I was like Lois Lane

I had a weird epistemic thing happen to me on Wednesday as I was coming home from a night of watching my friend play poker at the Borgata in Atlantic City.

As you probably are aware, it’s possible to know an individual under two different descriptions and not realize that the two descriptions pick out the same individual.  Take Lois Lane for example.  She knew both “Superman” and “Clark Kent”, but didn’t realize that these two names referred to the same person. (Comic book fans, does she ever come to realize this?).

I bring up this Lois Lane/Superman epistemic situation for the following reason.

On Wednesday, I discovered that I was in Lois Lane’s epistemic position with respect to one of the readers of PokerMoments.

An old highschool & college poker friend of mine came in from Seattle to visit his father and asked me if I wanted to get together with him.  I last saw him in May in Vegas at Caesars, where he and I had played at a $4/8 limit game, my very first experience playing Hold’em.

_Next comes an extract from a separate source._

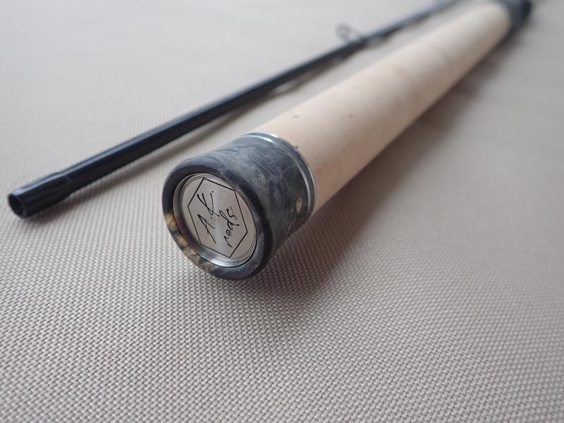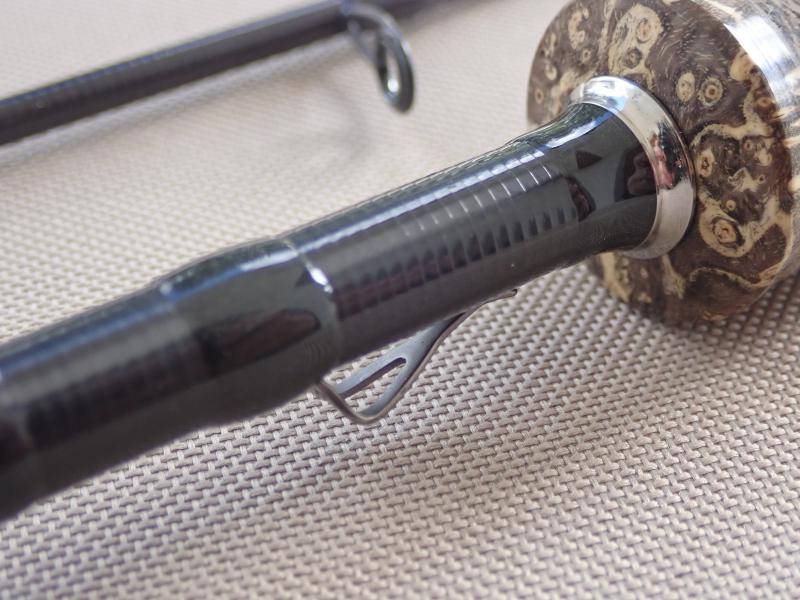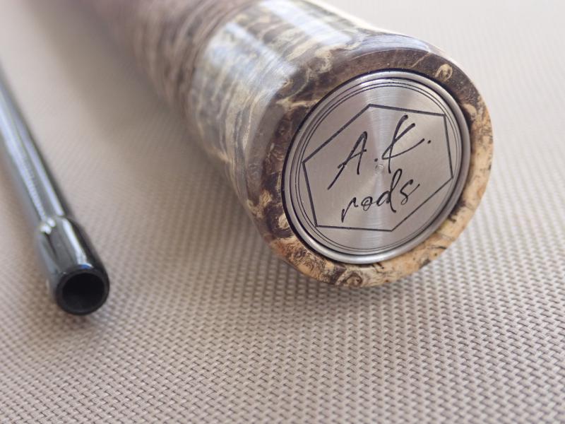 Matagi Super Mebaru L, przelotki Fuji T2, insert i wstawki stabilizowana czeczota klonu pod kolor tygrysa. Duperelki biżuteryjne ręcznie toczona i  polerowana stal 316 L.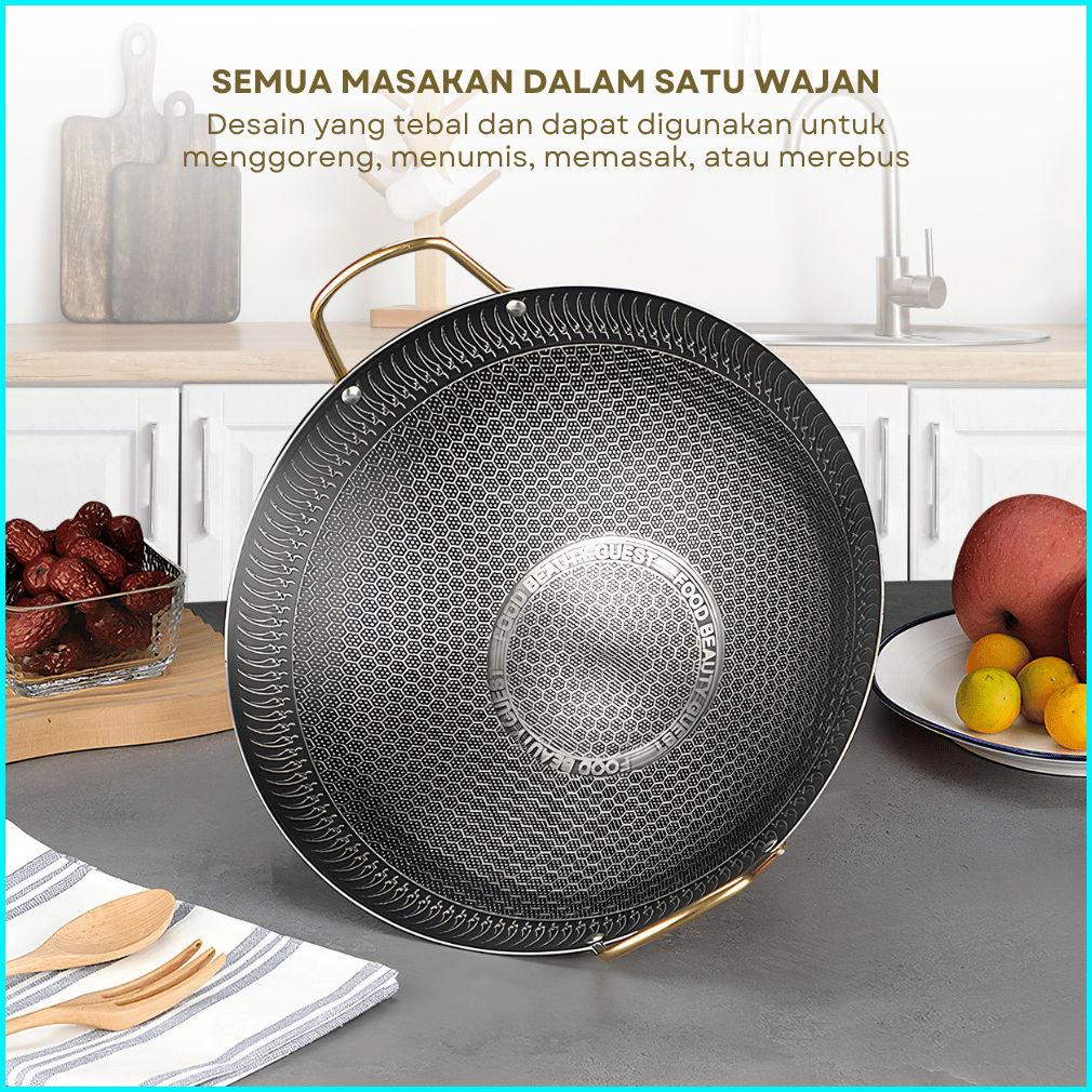 Sunland Wajan Penggorengan Stainless Anti Lengket Set 3 Ukuran Dengan Pegangan Kuali Premium Quality

I suggested that we go to Atlantic City and play a little poker.  He was up for it and was kind enough to drive.  We ended up at the Borgata, where I watched him win around $80 at a $1/2 no-limit table.  I didn’t play because these $1/2 stakes, the lowest at the Borgata for no-limit, are a bit too high for my comfort zone.  They aren’t a problem for my friend, who is a successful doctor, who not only works in private practice, but also works in prisons, and who once had to treat a death row inmate.  I was happy to watch the action and nurse my toasted almond.  I can be such a chick.

On the drive back, my friend and I started talking about PokerMoments, and he tells me that he likes reading Sparky’s posts.  You know, the ones that suggest that gambling is somehow immoral and anti-Quaker, or how to tell whether you have a gambling problem.  So I tell him he should leave Sparky a comment.  And he says that does.  Huh?

It turns out that my highschool/college poker friend is none other than QuietStorm (I forgot the musical reference for why he chose this nom de plume), a writer of PokerMoments comments.  I hadn’t made the connection.  My friend thought that I knew that he was QuietStorm because when he commented his email address would be sent to me.  While I do recall thinking that his email address looked familiar, I never made the connection.

Finding out that QuietStorm was my friend was weird for both me and Sparky.  I’m still trying to figure out why.

3 thoughts on “I was like Lois Lane

  1. 1. How long passed until you realized you were sleeping with the Sparky posting on your blog?

    2. QuietStorm was a wistful 1999 ballad by MobbDeep, see here:


    3. I’m still thinking about no-limit. You can play well for a long time and then get killed by one mistake which, at first blush, seems to make for even tighter play.


  2. I agree whole-heartedly with your last comment. But I think it is much more exciting when the option is available. I think I’ve won more than I’ve lost when I’ve gone all-in, and I think that it is probably the reason why I’m up in general. Players often overestimate the strenght of their hands.

  3. It was weird finding out that Quietstorm was someone Suber and I know, because when you answer comments, you think you’re responding to someone unknown. It was a weird feeling that Quietstorm knew me and Suber, but we didn’t know we were responding to someone we know.